These features allow unprecedented level of control which enables separation of concerns and first-principle thinking. As an early motivating example, we wanted to deeply understand the performance of low-level schedules to saturate the MATRIX unit using only LDS loads + MFMA in a critical code region. In particular, we wanted to avoid worrying about swizzle patterns that are necessary to avoid performance bugs due to shared memory bank conflicts. We ended up with a simple soluation: just load from LDS at address 0, in a first approximation. Such an experiment would immediately turn into dead code when passed through a compiler. Instead we were able to focus on isolating ASM and hardware performance characteristics to deeply understand the hardware characteristics.

2. Leverages Modern Compiler Infrastructure

  • A clean MLIR dialect for AMDGPU instruction classes (e.g. VOPx, MUBUF, DS, etc)
  • Semantic grouping for readability: one MLIR operation can represent a family of similar instructions, syntactic improvement are introduced to increase programmability and understanding
  • SSA-based representation of ASM dialect instructions enables modern compiler analyses

3. Composable by Design

  • Minimal and independent counterpart to top-down MLIR compiler design and abstractions, usable independently of any framework or compiler.
  • Interacts with the existing MLIR ecosystem and will plug into existing compilers.
  • Partial register allocation: fully specify ASM and registers of regions with critical performance, automate the rest
  • Incremental compilation: inline hand-optimized functions into target programs
  • Python-first API for metaprogramming backed by C++/MLIR tooling and automated compiler passes where useful

Core ASTER Infrastructure Available Today

IR Design: Clean abstraction MLIR Dialect with DPS ops to represent AMDGCN ISA. The folowing MLIR snippet:

    // ds_load from ldsA
    %loaded_a_from_lds = amdgcn.ds.read #amdgcn.inst<ds_read_b64> %a_reg_range, %thread_offset_f16, offset = 0
      : !amdgcn.vgpr -> !amdgcn.vgpr_range<[? + 2]>

    // ds_load from ldsB
    %loaded_b_from_lds = amdgcn.ds.read #amdgcn.inst<ds_read_b64> %b_reg_range, %thread_offset_f16, offset = 512
      : !amdgcn.vgpr -> !amdgcn.vgpr_range<[? + 2]>

    // s_waitcnt(lgkmcnt(0))
    amdgcn.sopp.s_waitcnt #amdgcn.inst<s_waitcnt> lgkmcnt = 0

    // mfma - A and B need 2 VGPRs each, C needs 4 VGPRs
    %c_mfma_result = amdgcn.vop3p.vop3p_mai #amdgcn.inst<v_mfma_f32_16x16x16_f16>
      %c_reg_range, %loaded_a_from_lds, %loaded_b_from_lds, %c_reg_range
        : <[? + 2]>, <[? + 2]>, !amdgcn.vgpr_range<[? + 4]> -> !amdgcn.vgpr_range<[? + 4]>

    // global_store of c_mfma_result
    %c4 = arith.constant 4 : i32 // shift left by dwordx4 size (16 == 2 << 4).
    %thread_offset_f32 = amdgcn.vop2.vop2 #amdgcn.inst<v_lshlrev_b32_e32> %offset_a, %c4, %threadidx_x
      : (!amdgcn.vgpr, i32, !amdgcn.vgpr<0>) -> !amdgcn.vgpr
    amdgcn.flat.global_store #amdgcn.inst<global_store_dwordx4> %c_mfma_result, %c_ptr[%thread_offset_f32]
      : !amdgcn.vgpr_range<[? + 4]>, !amdgcn.sgpr_range<[? + 2]>[!amdgcn.vgpr]
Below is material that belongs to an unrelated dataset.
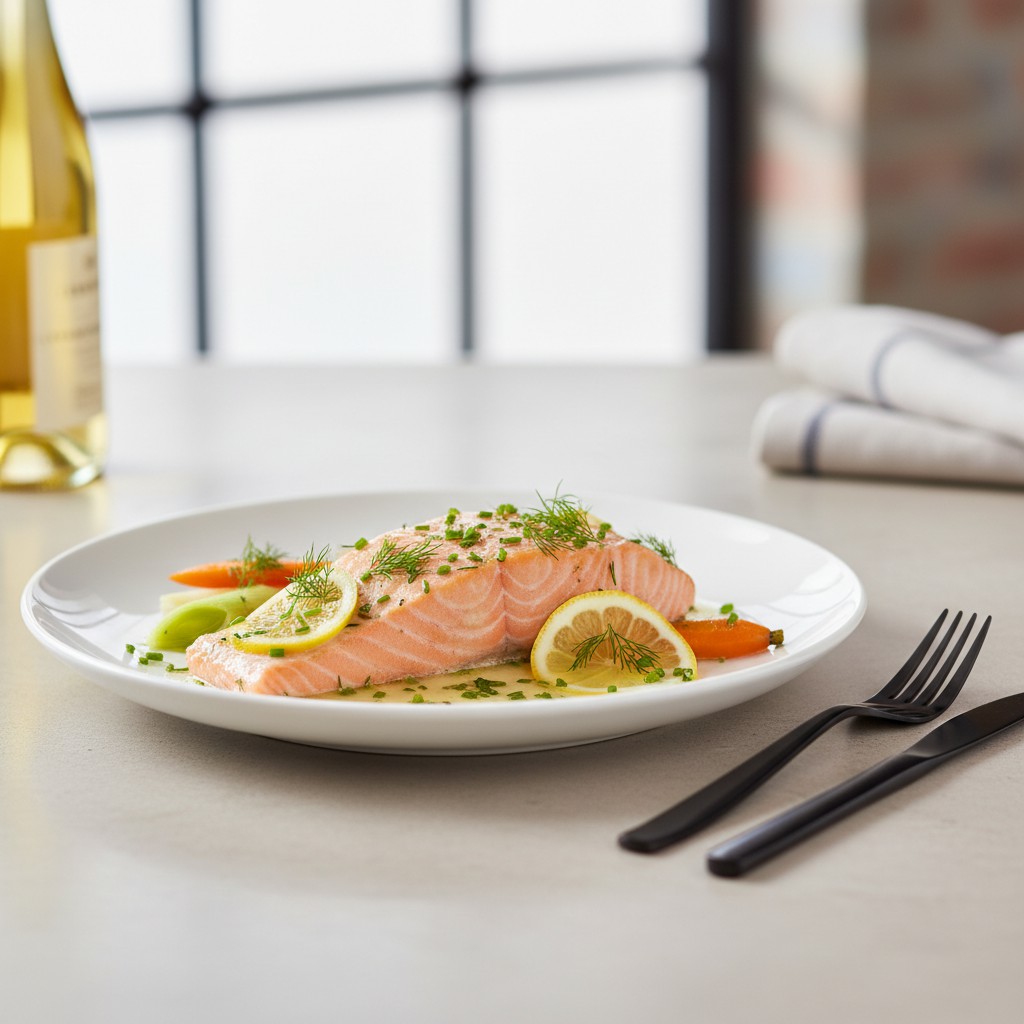 Le saumon poché au vin est un classique de la cuisine française, apprécié pour sa délicatesse et sa cuisson douce qui préserve la tendreté du poisson. Cette recette met en valeur la finesse du saumon, subtilement parfumé par un court-bouillon au vin blanc sec, aux aromates et aux légumes. Elle offre un équilibre parfait entre goût, légèreté et authenticité, tout en restant accessible à réaliser à la maison. Traditionnellement servie avec une sauce légère (type beurre blanc ou hollandaise) et des légumes vapeur, elle incarne l’élégance simple de la gastronomie bourgeoise du XIXe siècle. Idéale pour un repas raffiné sans excès de matières grasses, cette préparation permet de maîtriser la cuisson du poisson et d’en révéler toute la saveur.

    // s_waitcnt(vmcnt(0))
    amdgcn.sopp.s_waitcnt #amdgcn.inst<s_waitcnt> vmcnt = 0

simply converts to the following ASM snippet (after register allocation and without scheduling changes):

ds_read_b64 v[2:3], v1
ds_read_b64 v[4:5], v1 offset:512
s_waitcnt lgkmcnt(0)
v_mfma_f32_16x16x16_f16 v[8:11], v[2:3], v[4:5], v[8:11]
v_lshlrev_b32_e32 v1, 4, v0
global_store_dwordx4 v1, v[8:11], s[6:7]
s_waitcnt vmcnt(0)

Simple Custom Instruction Scheduling Infrastructure and Register Allocation: We provide a few automatic transformations that we have useful for productivity while still preserving user control: (a) we do incremental register allocation around user-specified register selection if needed (b) we support features such as multi-dimensional unrolling for complex instruction interleaving, SSA-aware dependency tracking and liveness analysis with SSA-based interference graphs (c) as a consequence, one can both metaprogram the IR in Python or write compiler passes to control advanced transformations

Assembly Generation:

  • Direct translation from MLIR to AMDGCN assembly
  • Capable of generating linked Hsaco binaries without any external tooling
  • Complete metadata generation (.rodata, .amdhsa_kernel directives)
  • Ready-to-execute HSACO generation
  • Compatible with CDNA and RDNA versions (early proof of concepts on RDNA, current focus on CDNA)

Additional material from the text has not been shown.